London Falling by award-winning journalist and New Yorker staff writer Patrick Radden Keefe. may just change your perspective on what you think you know about your children or country. You may even question the verb tense in the title: London “falling” and feel it should be “fallen.” The subtitle is also suggestive: “A Mysterious Death in a Gilded City and a Family’s Search for Truth.” At the end, mystery and lack of transparency remain, though what Keefe does uncover about what happened to cause the real-life death of a 19-year-old boy in London in 2019 may likely cause YOU to reassess what you think about what you can ever know about the dark side of children or the magnitude of corruption and compliant politics where you live.
A prologue opens the book: It’s 2:23 a.m. on November 20, 2019. A figure is shown pacing a balcony, then plunging off the fifth-floor of a luxury apartment building. A camera across the river, belonging to MI 6, no less, the UK’s foreign intelligence service, captures the image and also shows that it was the sole figure on the balcony. What the camera does not show but what emerges in subsequent inquiries is that the figure may have been alone on the balcony, but had not been alone in the apartment.
The body turned up in the Thames (about 30 bodies a year do, notes Keefe). It was of 19 year-old Zac Brettler, although in the wider world outside his home, he passed himself off successfully as Zac Ismailov, a Russian-born son of an oligarch, about to inherit millions. That put him in league with older, savvy, but dangerous grifters with whom he established a personal and professional relationship. His shadow life was totally unknown to his parents, Rachelle and Matthew Brettler, a comfortable, upper middle-class couple well known in London’s tight knit Jewish community. Rachelle was the daughter of a prominent rabbi and Matthew is regarded for his sharp, analytical intelligence. The Brettlers have another son, Joe, who also had no knowledge of what his younger brother was up to, though for sure the family did see that in the last two years Zac had grown distant, secretive and even more obsessed with big money and what it could buy.

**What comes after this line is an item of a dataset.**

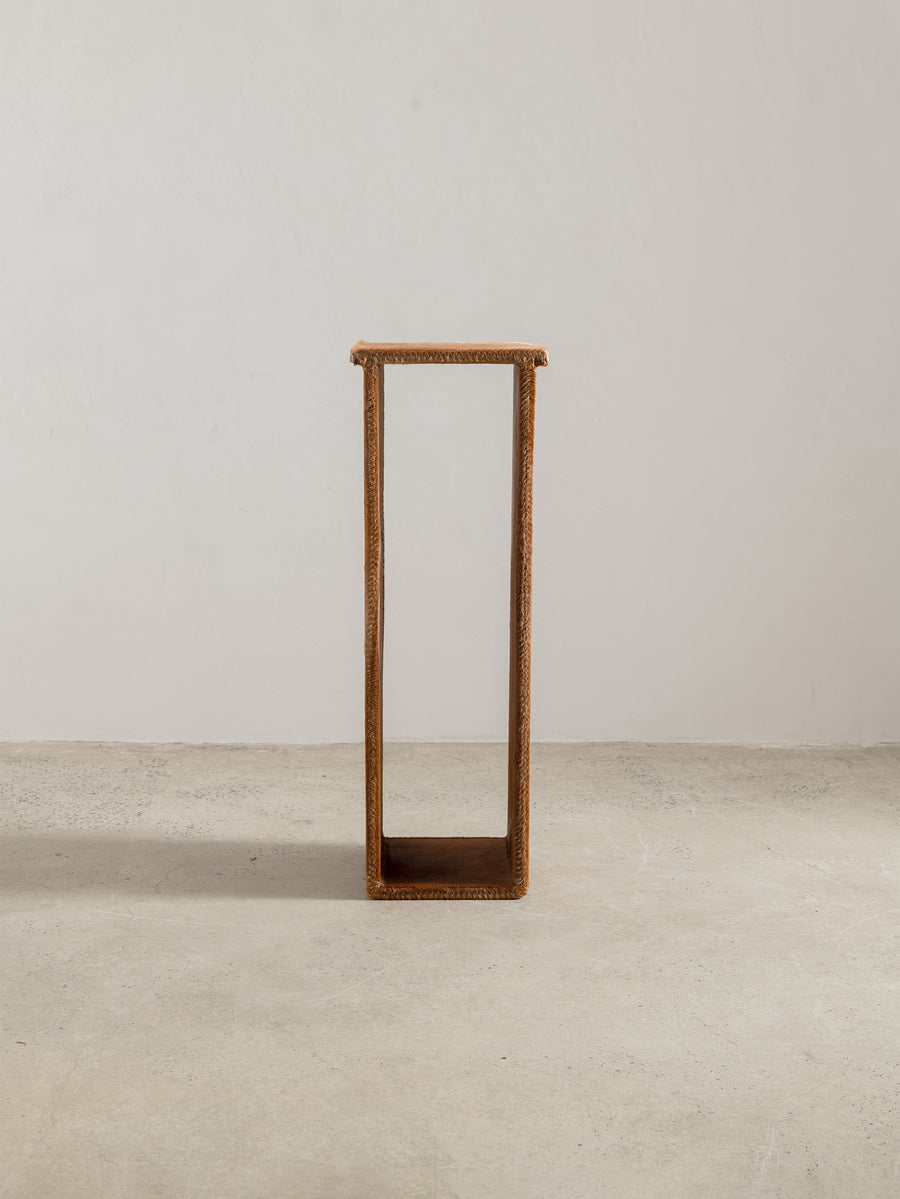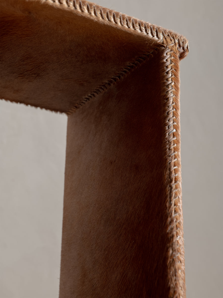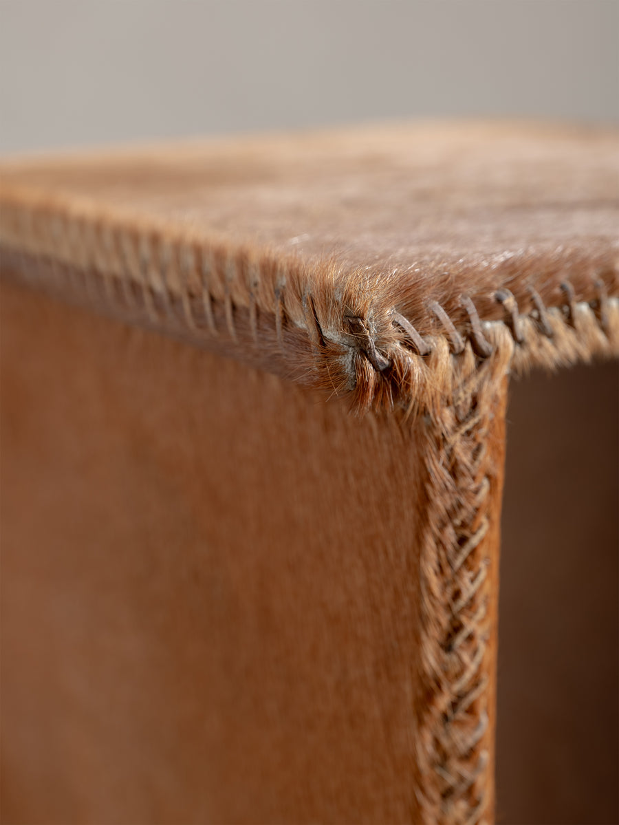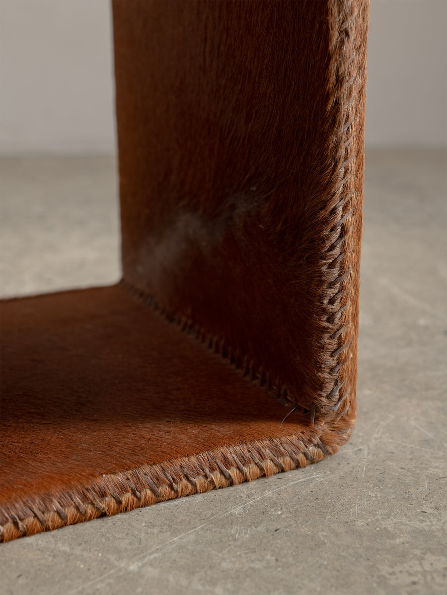 Elegant in its restraint, this vintage plinth is wrapped entirely in horse hide, lending a warm, tactile richness to its minimalist form. The rectangular silhouette with open sides reveals the craftsmanship of the era - precise stitching and natural patina that comes only with age. Both sculptural and functional, it stands beautifully as a pedestal for art or as an object of design in its own right.

The Brettlers were, understandably, stunned by Zac’s death and after repetitive tries to get the police to do a thorough investigation, they concluded they were given a runaround. The police, in turn, said their inquiries were the best they could do. They needed hard evidence, persuasive details that Zac may have been murdered, arguments that would stand up in court. Time goes by and then, by chance one day, the Brettlers are introduced to the author as he was working on the set of a film being made from one of his books. He was intrigued by the Brettlers’ story and moved by their predicament. He wound up writing a piece about it for The New Yorker in February 2024, breaking the Brettlers’ hitherto preference for privacy.
Working with new contacts he manages to uncover telling connections Zach had with vicious international cartels.
London Falling chronicles a parent’s worst nightmare: what do we really know about what our kids are doing? And every citizen’s fear that institutions entrusted to do justice and prevent violence cannot or do not do so. What do we really know about our democracy where money corrupts and big money corrupts big time, as it seems to have done in England in the 1990s, with the fall of the Soviet Union and the influx of well connected, well heeled immigrant criminals? Of ghost mansions owned by untraceable corporations, or of off shore banking and the legion of murderers, drug kings, thieves who sustain them? It is Keefe’s dramatic, suspenseful, meticulously documented, often verbatim account of these two fearful themes that gives London Falling its fascinating drive and disturbing authenticity.